Work order
Below this line are records; write out exactly the lines from the one containing "Gerade habe ich" through the one containing "Электрус, компания по", with the pictures left out.

The data
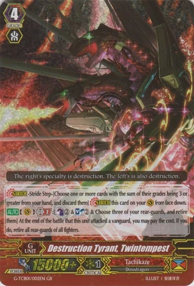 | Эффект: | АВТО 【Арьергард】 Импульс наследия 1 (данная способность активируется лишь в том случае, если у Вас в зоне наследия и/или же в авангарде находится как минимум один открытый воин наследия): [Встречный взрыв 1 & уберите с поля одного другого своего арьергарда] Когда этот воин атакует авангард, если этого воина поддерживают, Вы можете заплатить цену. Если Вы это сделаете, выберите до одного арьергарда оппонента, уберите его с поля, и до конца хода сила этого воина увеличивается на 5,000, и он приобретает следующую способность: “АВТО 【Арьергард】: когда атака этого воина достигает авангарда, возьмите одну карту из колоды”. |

==

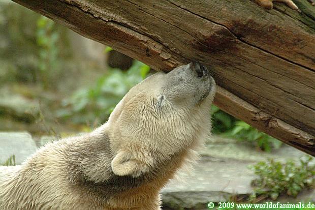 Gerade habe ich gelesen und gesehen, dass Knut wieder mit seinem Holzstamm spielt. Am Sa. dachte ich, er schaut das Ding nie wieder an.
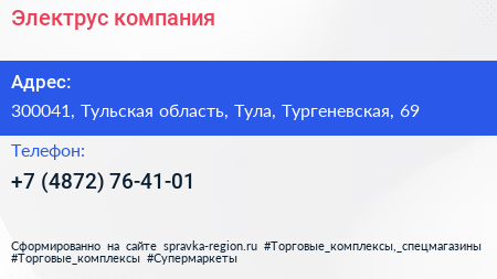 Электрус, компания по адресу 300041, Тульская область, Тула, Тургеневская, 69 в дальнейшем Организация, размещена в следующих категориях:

---

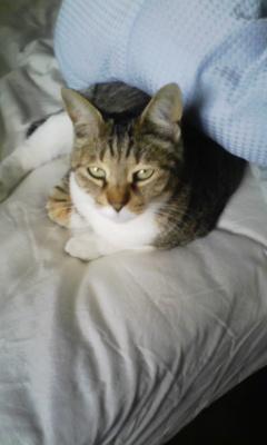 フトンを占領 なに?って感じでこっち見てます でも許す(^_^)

Answer to this exercise
 Gerade habe ich gelesen und gesehen, dass Knut wieder mit seinem Holzstamm spielt. Am Sa. dachte ich, er schaut das Ding nie wieder an.
 Электрус, компания по адресу 300041, Тульская область, Тула, Тургеневская, 69 в дальнейшем Организация, размещена в следующих категориях:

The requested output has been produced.